## YOUR ASSIGNMENT
The first line of the entries and each line after it, through the one that contains "In the 5-minute", are to be duplicated exactly; no picture belongs in the copy.

## DATASET RECORDS
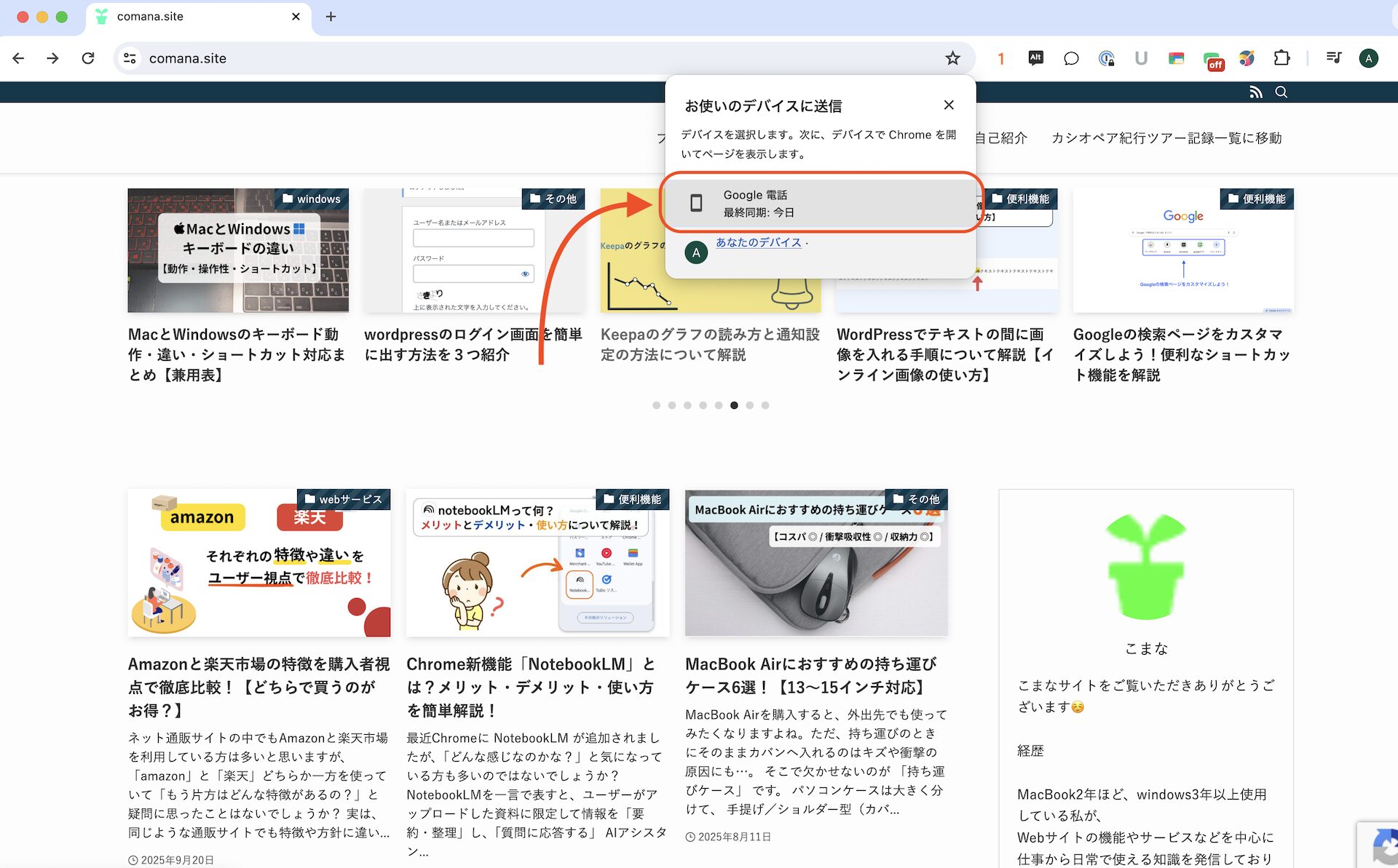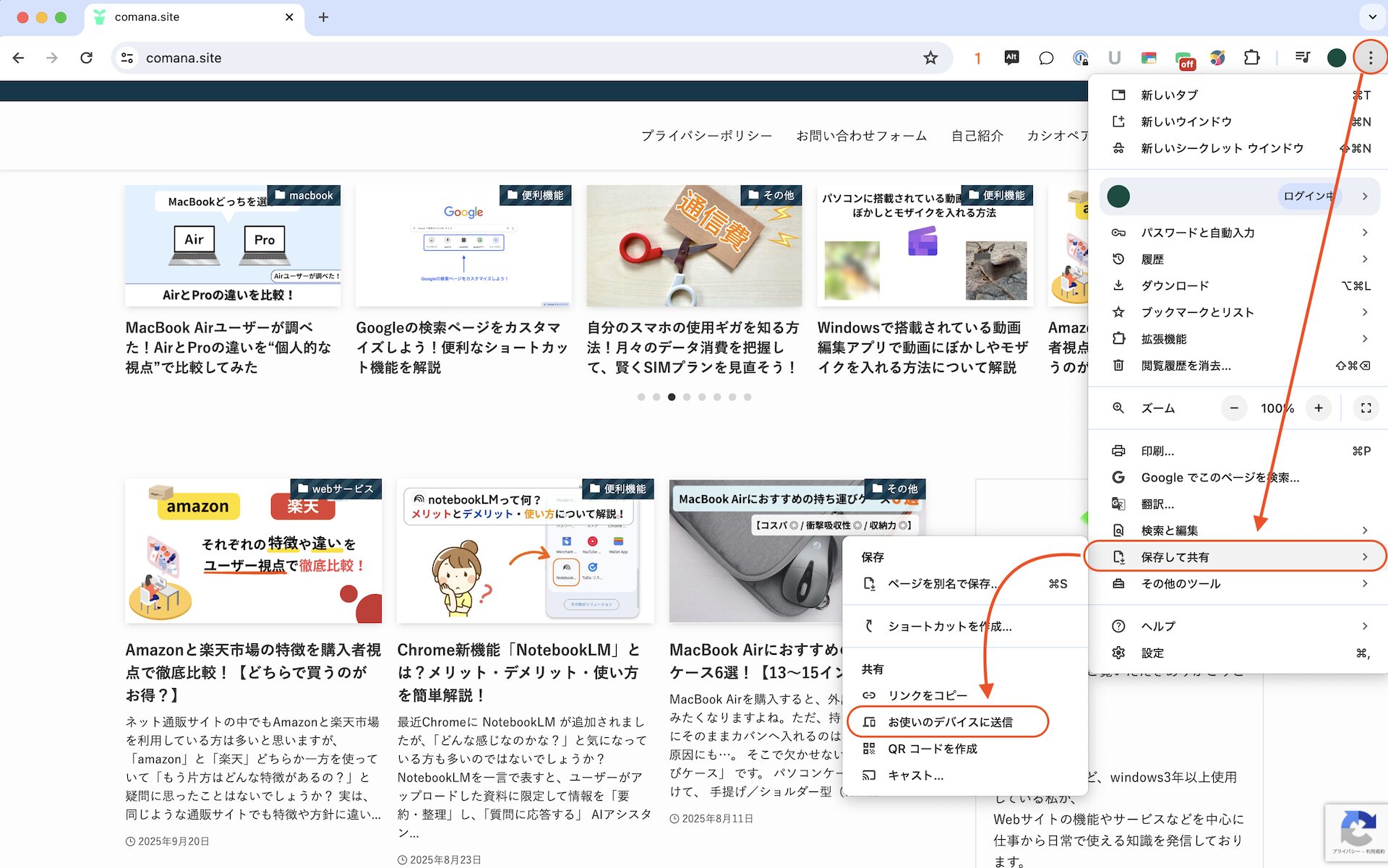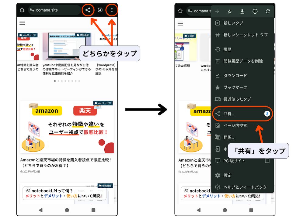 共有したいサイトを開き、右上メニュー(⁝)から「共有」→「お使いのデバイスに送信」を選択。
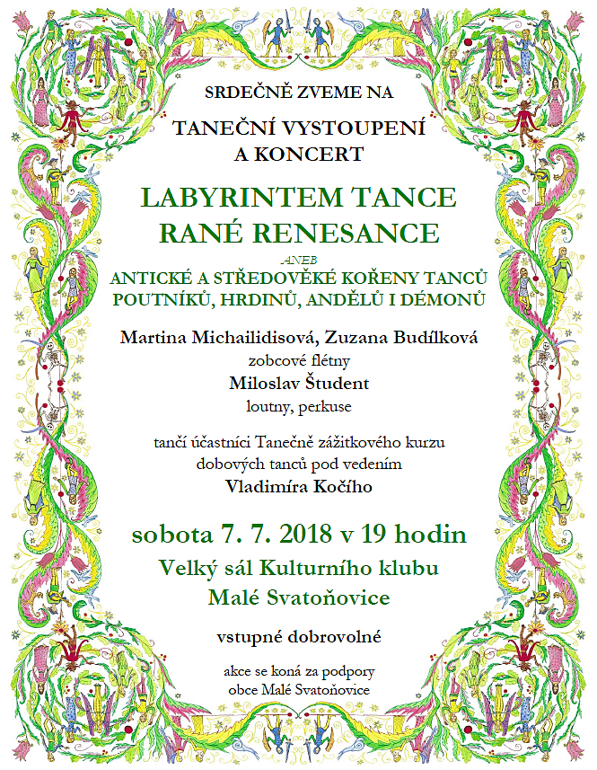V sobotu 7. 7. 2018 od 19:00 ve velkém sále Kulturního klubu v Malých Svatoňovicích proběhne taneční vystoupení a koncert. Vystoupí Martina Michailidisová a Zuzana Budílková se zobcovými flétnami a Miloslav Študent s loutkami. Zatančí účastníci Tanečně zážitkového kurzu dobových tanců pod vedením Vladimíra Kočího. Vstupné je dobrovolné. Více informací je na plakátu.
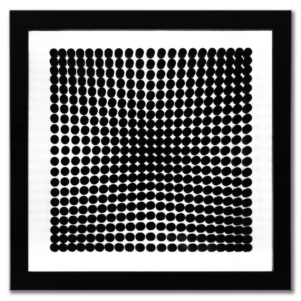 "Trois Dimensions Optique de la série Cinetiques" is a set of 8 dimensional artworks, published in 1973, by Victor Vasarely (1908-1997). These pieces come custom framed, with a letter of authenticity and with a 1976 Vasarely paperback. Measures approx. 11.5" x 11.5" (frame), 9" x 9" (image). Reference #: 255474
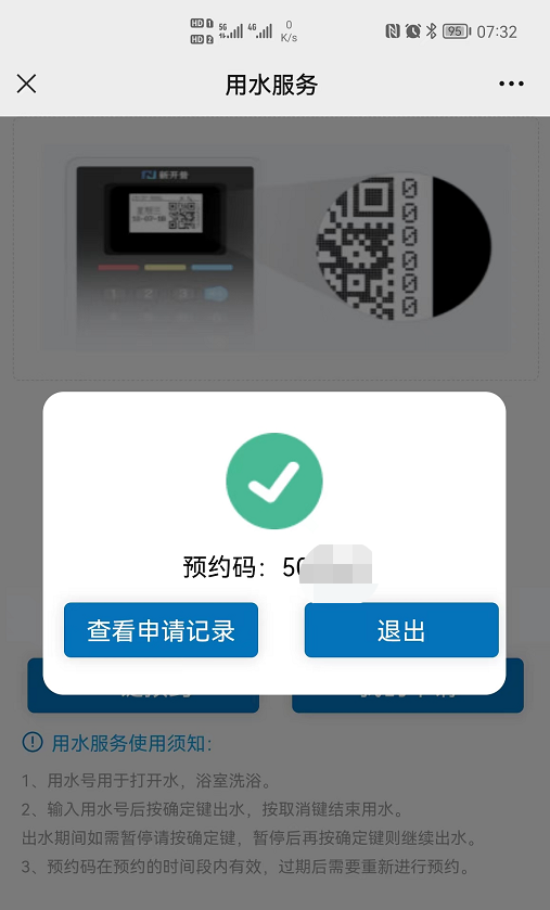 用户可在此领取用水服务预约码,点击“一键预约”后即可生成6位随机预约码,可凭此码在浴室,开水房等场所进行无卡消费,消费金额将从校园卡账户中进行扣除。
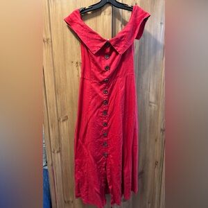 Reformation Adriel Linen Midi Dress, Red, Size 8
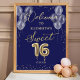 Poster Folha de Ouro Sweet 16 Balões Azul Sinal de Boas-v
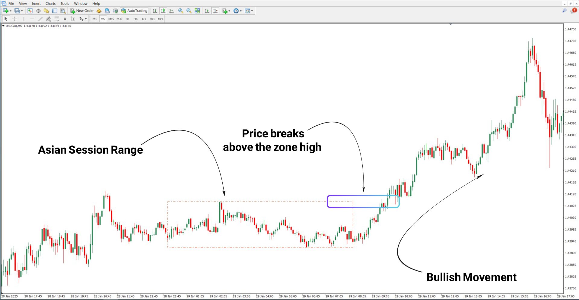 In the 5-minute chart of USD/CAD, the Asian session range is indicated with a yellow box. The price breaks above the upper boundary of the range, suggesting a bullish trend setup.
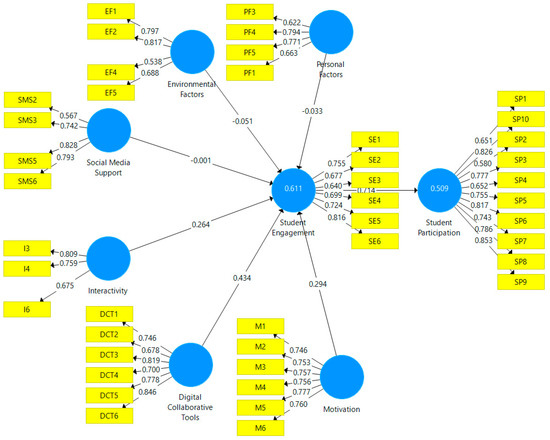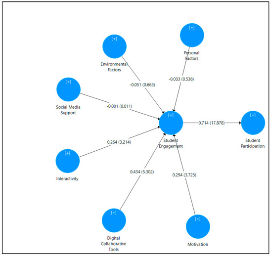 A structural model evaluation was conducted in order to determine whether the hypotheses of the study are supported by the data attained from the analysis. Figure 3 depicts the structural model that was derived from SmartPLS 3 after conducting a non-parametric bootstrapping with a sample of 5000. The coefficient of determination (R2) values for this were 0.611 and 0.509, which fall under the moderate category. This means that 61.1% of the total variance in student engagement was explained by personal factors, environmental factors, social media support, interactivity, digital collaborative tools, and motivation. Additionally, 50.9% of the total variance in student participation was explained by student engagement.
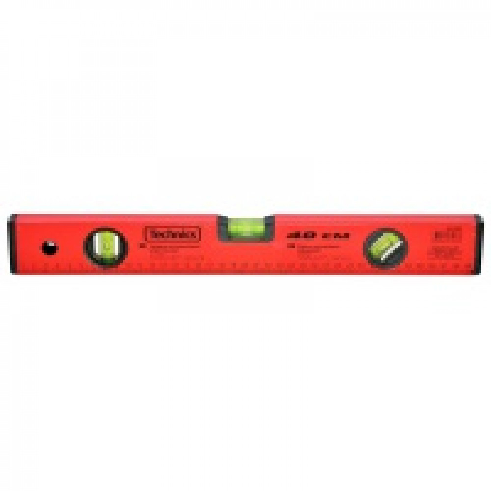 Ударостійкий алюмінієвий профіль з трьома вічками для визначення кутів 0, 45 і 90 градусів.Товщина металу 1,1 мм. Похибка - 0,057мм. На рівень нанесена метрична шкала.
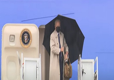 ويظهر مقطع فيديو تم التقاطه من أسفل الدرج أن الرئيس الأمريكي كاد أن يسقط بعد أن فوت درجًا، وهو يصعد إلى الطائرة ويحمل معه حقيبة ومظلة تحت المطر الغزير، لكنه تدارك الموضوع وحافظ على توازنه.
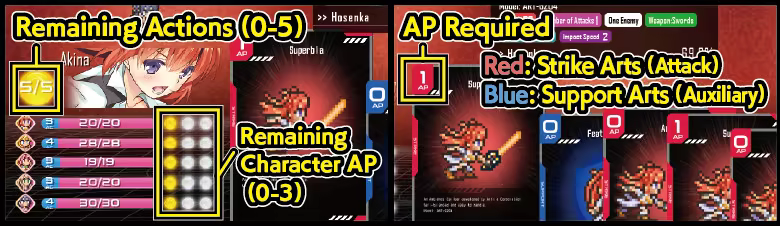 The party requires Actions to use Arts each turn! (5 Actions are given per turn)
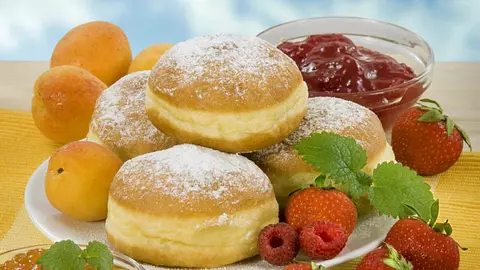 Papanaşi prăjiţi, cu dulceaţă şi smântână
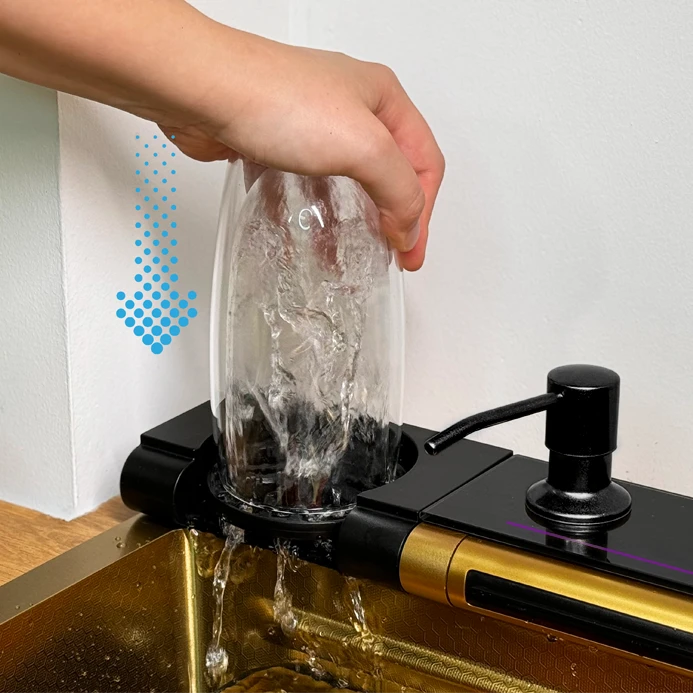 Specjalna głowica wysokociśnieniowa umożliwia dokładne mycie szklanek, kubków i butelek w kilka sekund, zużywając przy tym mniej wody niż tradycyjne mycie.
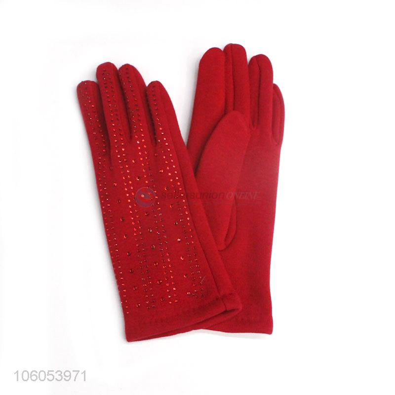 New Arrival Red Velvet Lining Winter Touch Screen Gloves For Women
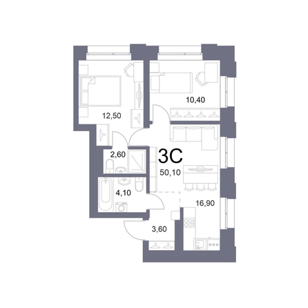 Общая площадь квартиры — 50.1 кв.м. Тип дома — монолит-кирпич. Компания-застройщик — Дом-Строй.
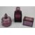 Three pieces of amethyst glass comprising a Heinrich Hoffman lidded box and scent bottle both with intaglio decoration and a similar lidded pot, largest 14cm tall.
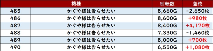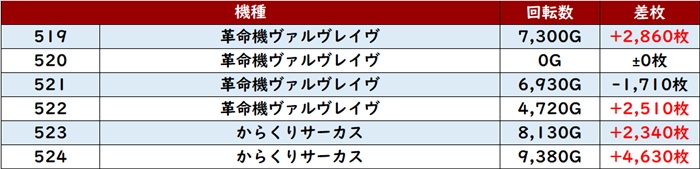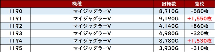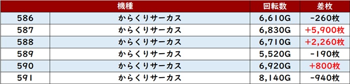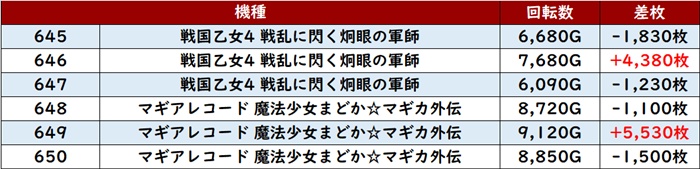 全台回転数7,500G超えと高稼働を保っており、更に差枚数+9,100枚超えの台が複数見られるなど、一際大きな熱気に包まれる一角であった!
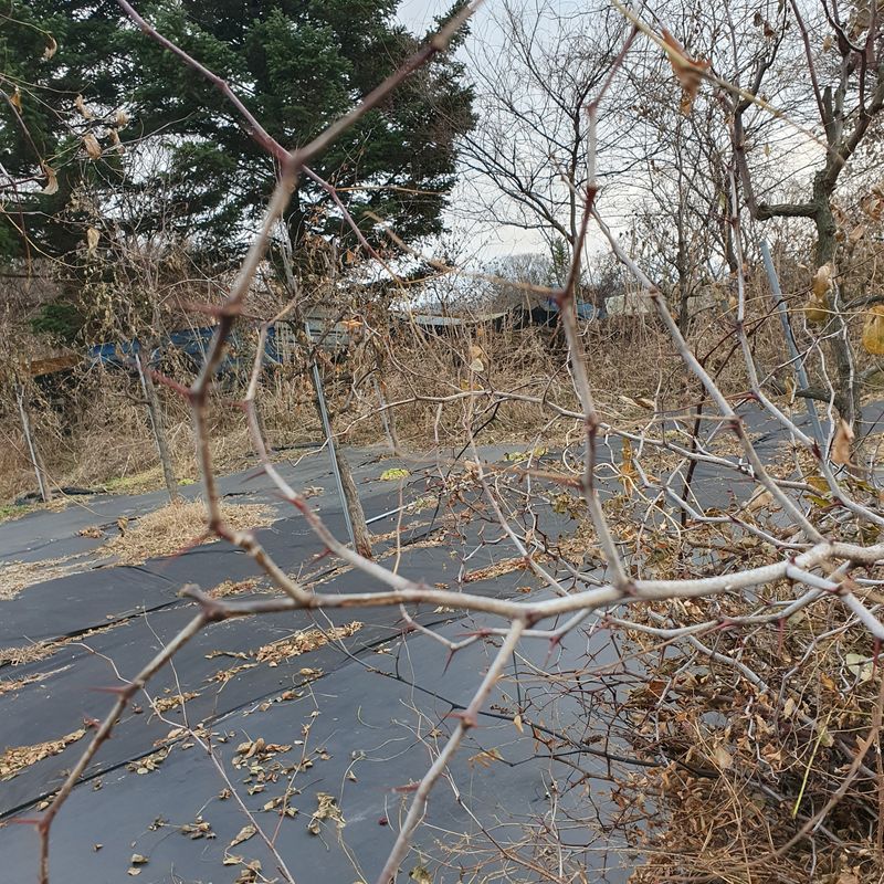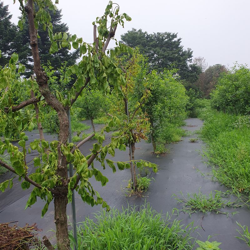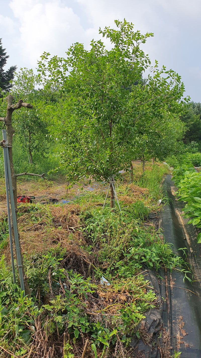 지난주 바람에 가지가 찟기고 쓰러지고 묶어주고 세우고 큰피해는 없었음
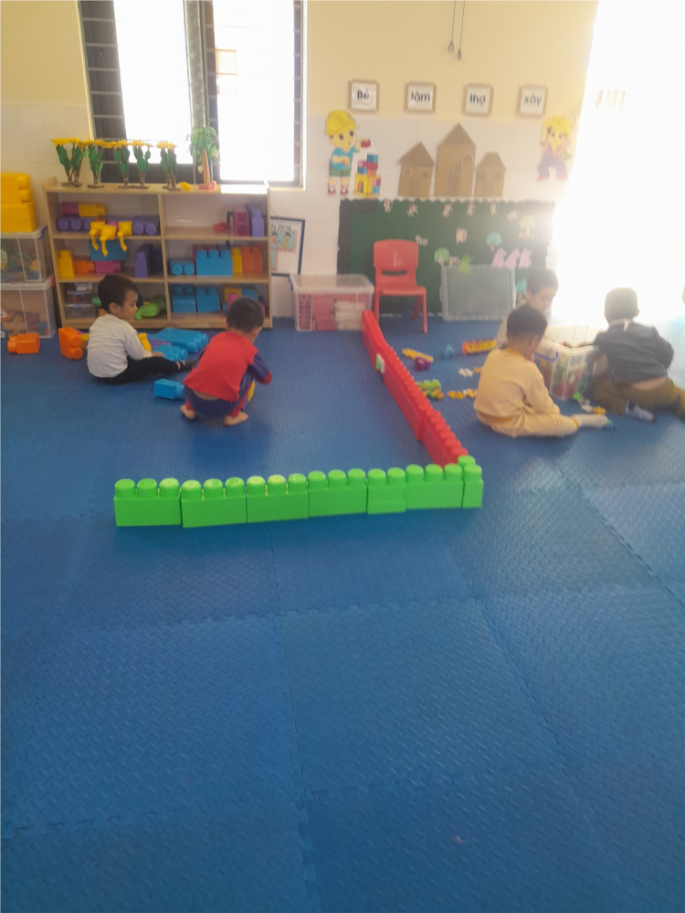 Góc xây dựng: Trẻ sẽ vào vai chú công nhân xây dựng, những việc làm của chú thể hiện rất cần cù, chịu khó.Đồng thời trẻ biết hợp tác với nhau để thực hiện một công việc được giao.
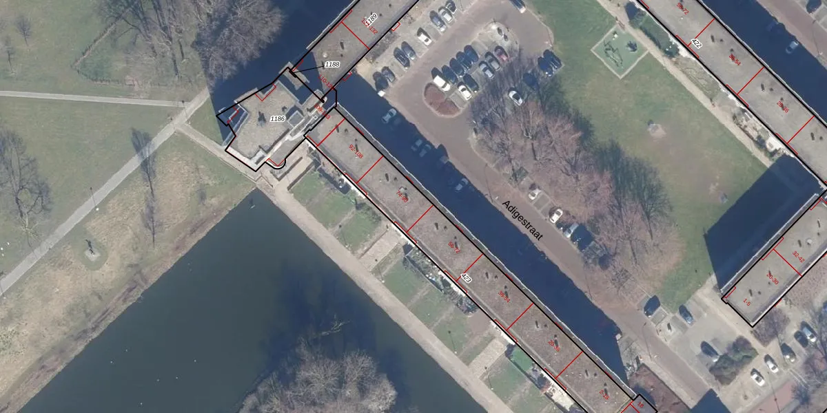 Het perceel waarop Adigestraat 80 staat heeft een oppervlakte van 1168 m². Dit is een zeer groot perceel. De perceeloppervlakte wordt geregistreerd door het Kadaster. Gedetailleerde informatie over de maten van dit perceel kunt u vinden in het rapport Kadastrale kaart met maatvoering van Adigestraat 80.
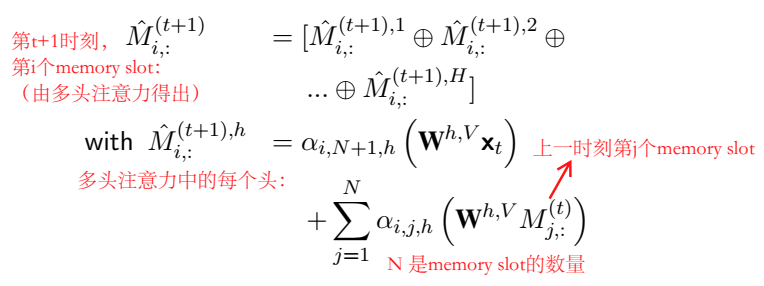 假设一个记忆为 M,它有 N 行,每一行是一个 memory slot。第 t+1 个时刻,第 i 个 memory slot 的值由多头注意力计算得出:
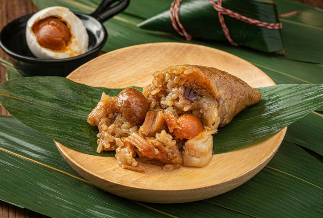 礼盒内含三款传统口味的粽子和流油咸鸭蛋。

## ANSWER FOR THIS EXERCISE
 共有したいサイトを開き、右上メニュー(⁝)から「共有」→「お使いのデバイスに送信」を選択。
V sobotu 7. 7. 2018 od 19:00 ve velkém sále Kulturního klubu v Malých Svatoňovicích proběhne taneční vystoupení a koncert. Vystoupí Martina Michailidisová a Zuzana Budílková se zobcovými flétnami a Miloslav Študent s loutkami. Zatančí účastníci Tanečně zážitkového kurzu dobových tanců pod vedením Vladimíra Kočího. Vstupné je dobrovolné. Více informací je na plakátu.
 "Trois Dimensions Optique de la série Cinetiques" is a set of 8 dimensional artworks, published in 1973, by Victor Vasarely (1908-1997). These pieces come custom framed, with a letter of authenticity and with a 1976 Vasarely paperback. Measures approx. 11.5" x 11.5" (frame), 9" x 9" (image). Reference #: 255474
 用户可在此领取用水服务预约码,点击“一键预约”后即可生成6位随机预约码,可凭此码在浴室,开水房等场所进行无卡消费,消费金额将从校园卡账户中进行扣除。
 Reformation Adriel Linen Midi Dress, Red, Size 8
 Poster Folha de Ouro Sweet 16 Balões Azul Sinal de Boas-v
 In the 5-minute chart of USD/CAD, the Asian session range is indicated with a yellow box. The price breaks above the upper boundary of the range, suggesting a bullish trend setup.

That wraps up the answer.